Jan 2, 2024 - News

Texas food waste largely comes from households

Estimated Texas food surplus, by sector
Data: ReFED; Note: Manufacturing and food service surplus estimated at the state level from national data; Chart: Simran Parwani/Axios

The table is cleared of holiday food. But those uneaten leftovers have to go somewhere.

What's happening: The amount of surplus food waste in Texas is on the decline, but there were still millions of tons of surplus food in 2022, per data from the nonprofit ReFED released in December.

  • Surplus food is defined as food uneaten or unsold by people and businesses.

Why it matters: Wasting food also wastes the resources that went into producing it, with ripple effects on climate resources and the economy.

  • Nationally, food waste makes up 24% of municipal landfill input and contributes to 6.1% of U.S. greenhouse gas emissions.
  • On average, a person wastes $759 on uneaten food each year.

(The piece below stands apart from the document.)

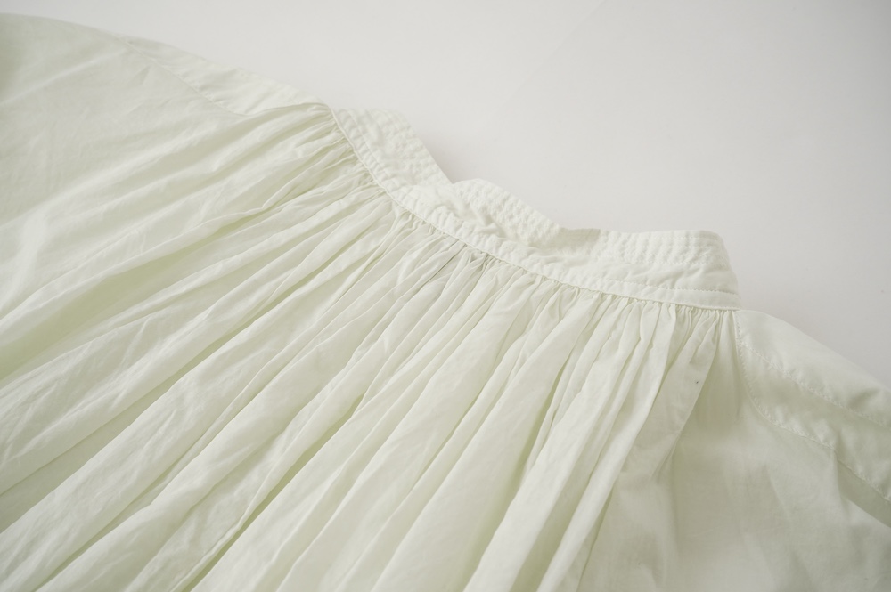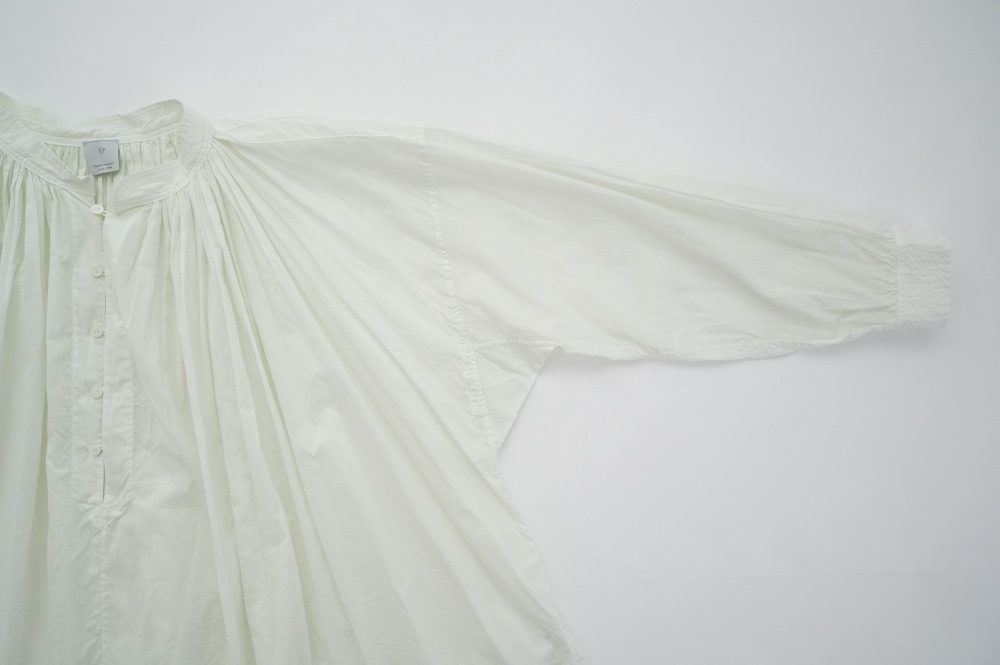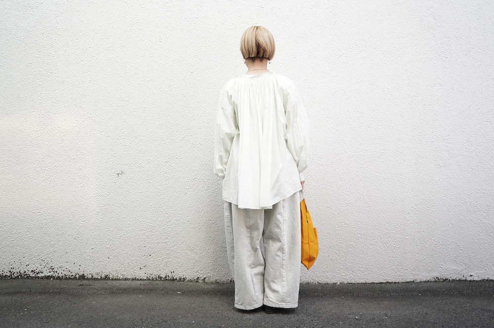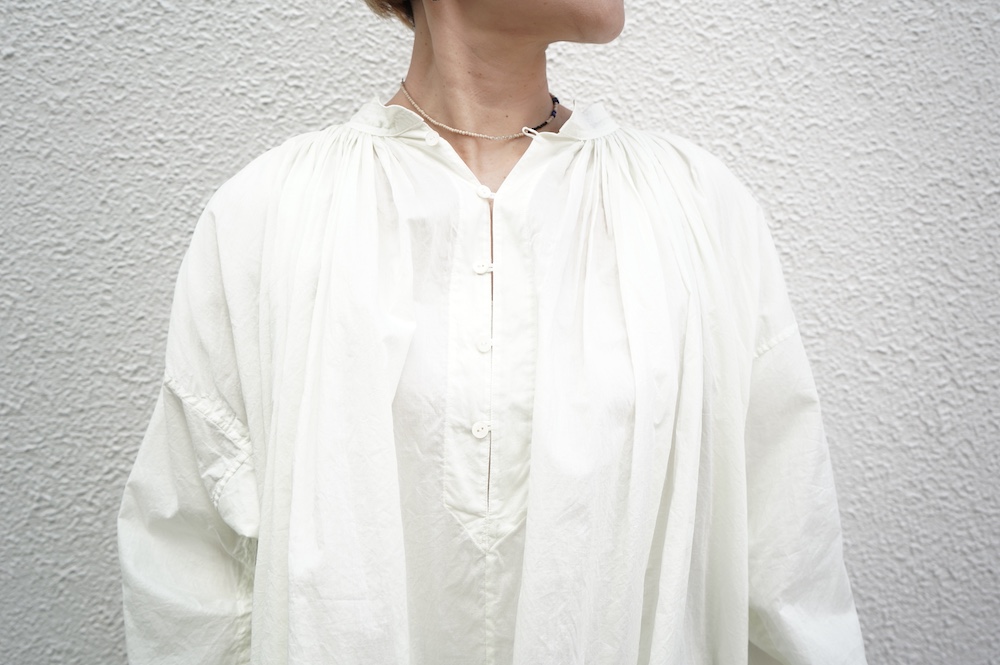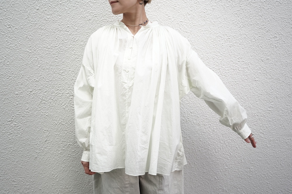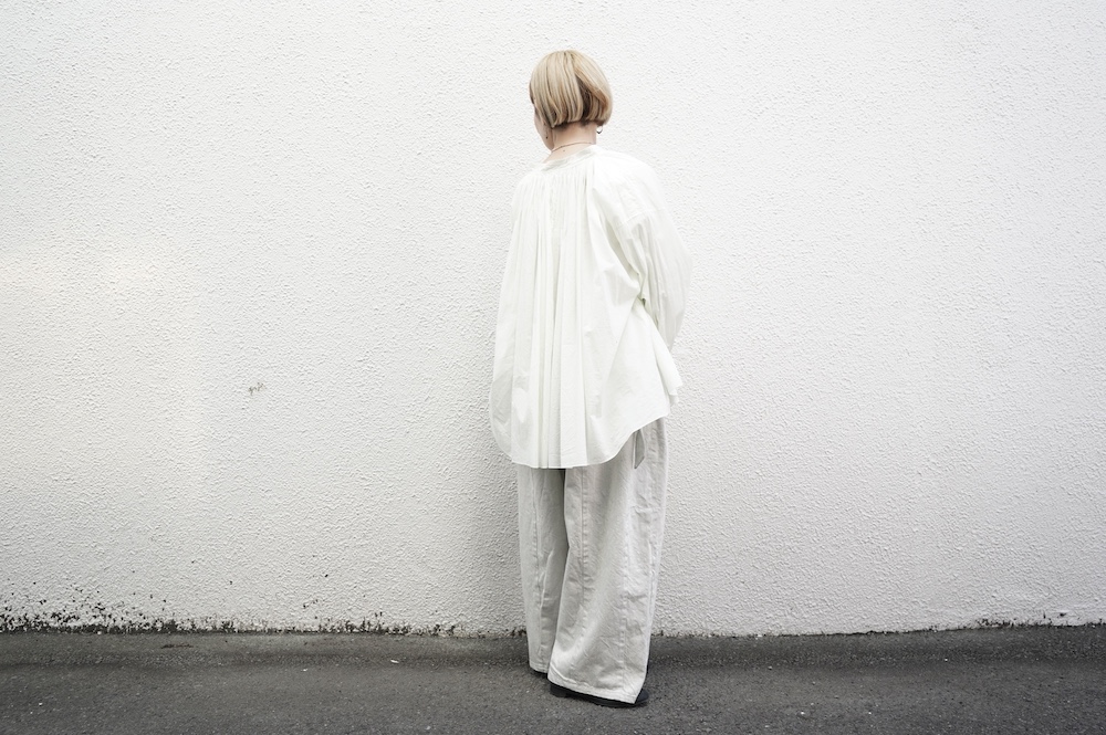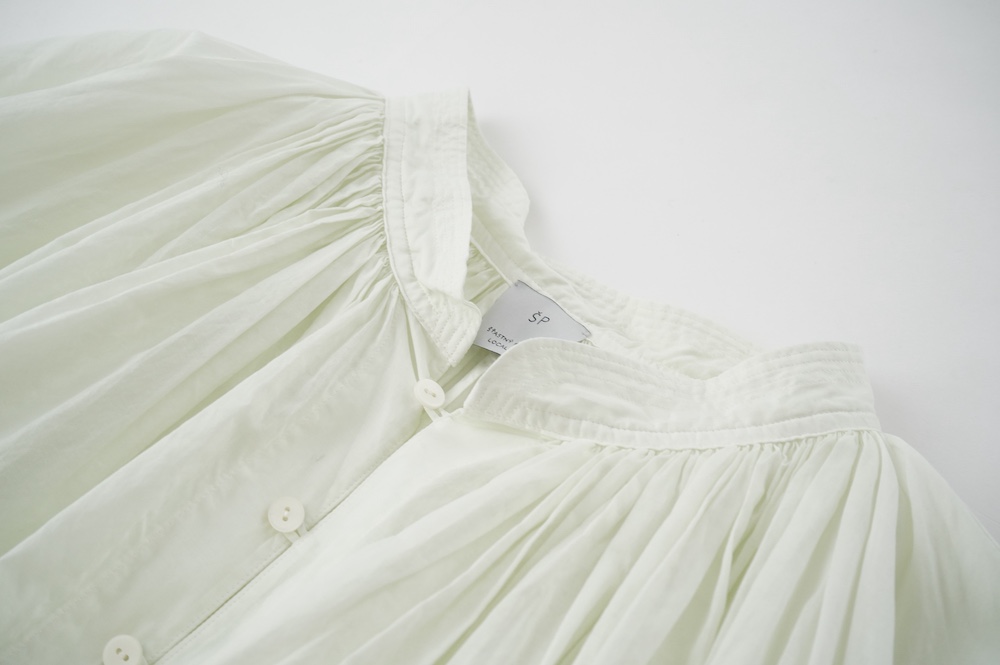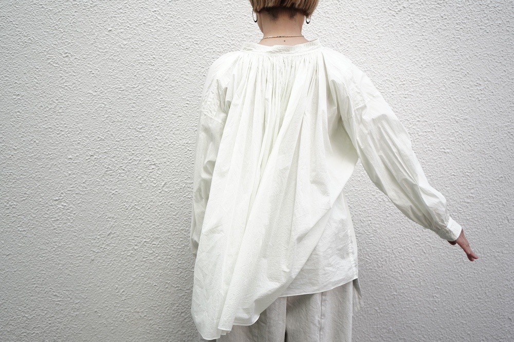 デザインはエッシュペーの繊細な縫製の指標になった定番シリーズ。19世紀の教会のスモックを基に現代でも着やすく生活に馴染むように設計されたブラウスです。たっぷりとした身幅にネック周りや袖、背中の細やかなギャザーは生地の上質さを際立たせてくれます。ふんわりとしたシルエットですが、生地感も相まって甘くなりすぎない。思わずクルッと回りたくなってしまう日常がランクアップするような気分の上がるブラウスです。
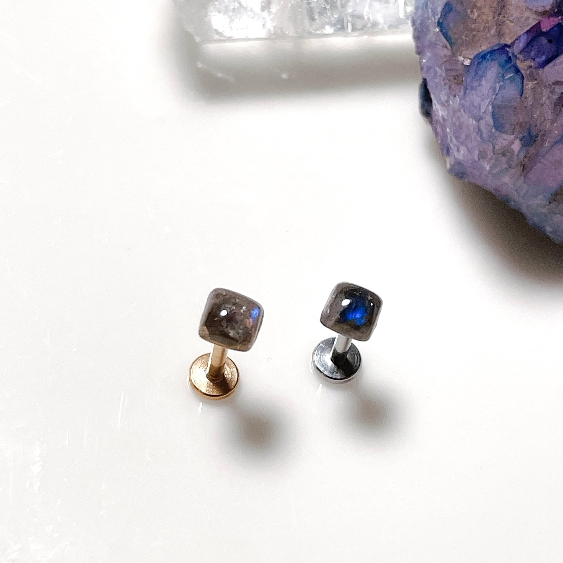 小さなスクエアストーンシリーズ 天然石 ラブラドライト ラブレット ボディピアス 16G 軟骨ピアス 片耳

By the numbers: Texas had about 5.7 million tons of food waste in 2022, the most recent year of data available from the nonprofit.

  • More than half of that came from residential households.
  • Food service accounted for about 23% of Texas food waste in 2022.
  • That was followed by manufacturing at 13%, retail at 6% and farms at nearly 5% of food waste statewide.

Zoom out: Across the country, people and businesses did not eat or sell 88.7 million tons of food.

  • That's equivalent to nearly 145 billion meals worth $473 billion.

The big picture: ReFED suggests following the "Food Waste Five" strategies for reducing waste at home:

  • Store food properly.
  • Freeze food to extend its freshness.
  • Dedicate a day each week for eating leftovers.
  • Understand the meaning behind date "best by" labels.
  • Plan your meals before buying groceries.